The White House's better-late-than-never approach to three trade agreements doesn't cut it for trade groups that say American businesses are quickly losing ground to global competitors.
Within months, the Obama administration could complete free trade deals with South Korea, Colombia and Panama. But conservatives argue they are five years overdue and the delays paved the way for the growing economies in China, Brazil, Argentina and Canada to cut their own deals with these nations and leapfrog the United States.
"Time is of the essence," said Chuck Dittrich, vice president of the National Foreign Trade Council. "Once a trade agreement with another country kicks in, then products from that country become cheaper, and even cheap enough that they replace us and American companies lose out."
To make matters worse, even if these trade deals pass and U.S. companies lower their prices, it won't necessarily convince customers in these countries to do business with them because they may choose to stick with the supplier they already found, said Eric Farnsworth, vice president of the Council of the Americas.
Nevertheless, Mr. Farnsworth said these agreements should help level the playing field.
Under the South Korea agreement, nearly 95 percent of bilateral trade in consumer and industrial products would become duty-free within three years. Most remaining tariffs would be eliminated within 10 years, according to the Office of the United States Trade Representative.
The Colombia deals would meet those standards, but also eliminate tariffs for more than 80 percent of U.S. exports of consumer and industrial goods from the get-go. The Panama deal is similar.
Former President George W. Bush originally negotiated and signed free trade deals with all three countries in 2006 and 2007. The Democrat-controlled House at the time blocked a vote, in large part because of human rights and labor issues, but those concerns appear to have eased.
That sent the bills to the backburner until last year when President Obama picked up the cause. He successfully renegotiated with South Korea, and is doing the same thing with Colombia and Panama. The White House has yet to send any of the bills, which would likely receive bipartisan support in both the House and Senate, to Congress. The new delays continue to irritate trade groups.
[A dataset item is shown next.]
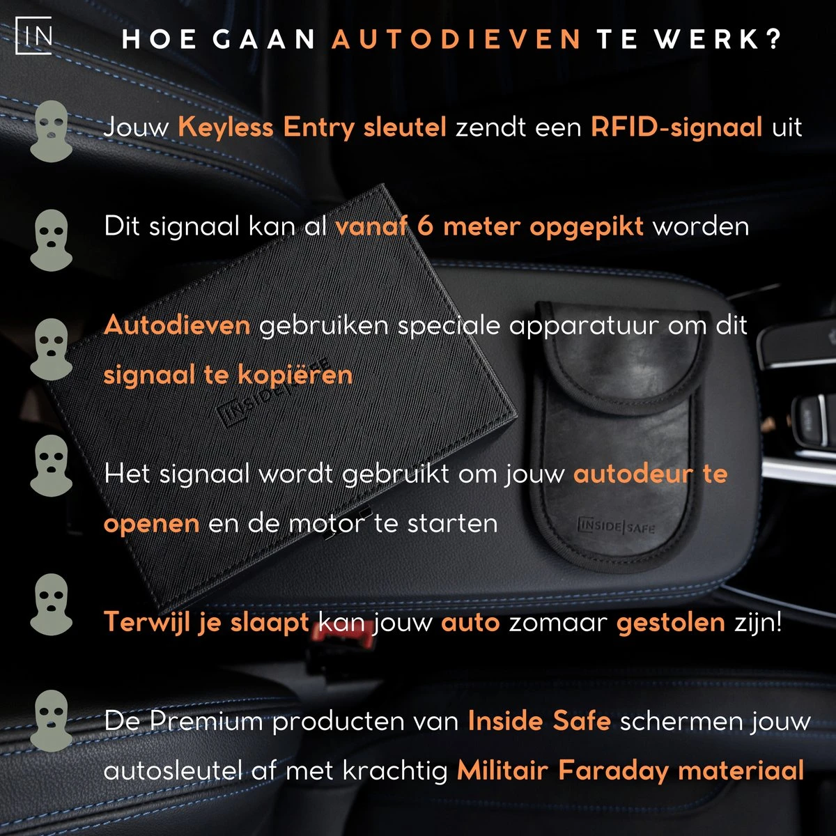 Inside Safe geeft Keyless Entry autodieven geen kans. Onze nieuwste RFID beschermhoes blokkeert signalen met betrouwbaar ontwerp en maakt Keyless Entry & Keyless Go hacking onmogelijk. Autodieven maken geen schijn van kans, vaarwel slapeloze nachten!
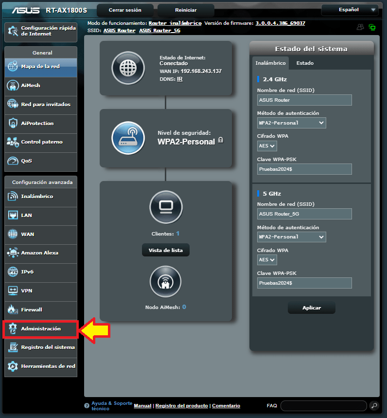 El router RT-AX1800S de la marca Asus es un dispositivo que nos puede ofrecer un wifi fluido y confiable a múltiples dispositivos en nuestro hogar. El router también cuenta con 4 puertos RJ45 para conectar nuestros dispositivos por cable. Este router cuenta con la opción de utilizarlo como modo Access Point o punto de acceso lo que quiere decir que a través de la conexión de un cable de red que viene del router principal al puerto WAN del router Asus RT-AX1800S, nos genera una nueva red para tener una mejor cobertura inalámbrica. En este articulo les mostraré como hacer la configuración del router en modo Access Point o Punto de Acceso

In Colombia, more than $3.4 billion in tariffs have been levied against American exporters since the agreement was signed five years ago, according to the Latin America Trade Coalition.
American farmers are handicapped with an average 16.8 percent tariff there, according to the Colombian Government Trade Bureau. During the last three years, these tariffs have been reduced for other countries like Argentina and Brazil. But, in a period of expansion where Colombia has doubled its agricultural imports, the U.S. market share has been cut from 46 percent to 21 percent.
"There's no question we're losing ground," Mr. Farnsworth said. "We have significant market share that's being eroded."
In a March 17 hearing, the U.S. Grains Council offered a glimmer of hope when it told the House Committee on Ways and Means its members might be able to regain lost market share, but only if the measure passed by July 1. Otherwise, they could miss Colombia's January and February ordering season as the deals are being implemented, according to committee spokesman Jim Billimoria.
He said, however, that the market for a share of the build up of the nation's infrastructure wouldn't be so forgiving to U.S. businesses. Right now, Colombia is embarking on massive overhauls for roads, ports, airports, energy fields and industrial plants. But "unlike ag, infrastructure projects have to be won now, or they're lost for decades."
The South Korea agreement also is coming to the forefront as it prepares to start another deal with the European Union on July 1, said Tami Overby, vice president of Asia for the U.S. Chamber of Commerce. Because American businesses "compete head-to-head" with European companies in so many different industries, this could be a "game changer," she added.
"That's why the pressure is on America," she said. "The clock is ticking."
The agreement with Panama will provide a number of opportunities for service companies in the United States, particularly those that cater to the Panama Canal, Mr. Farnsworth said. That could mean ship maintenance, loading and unloading, and fueling.
"Frankly, I think we need to do all of them," Miss Overby said. "While America has taken a time out on trade, the rest of the world has moved forward. We need to get them all done, and we need to get them all done yesterday."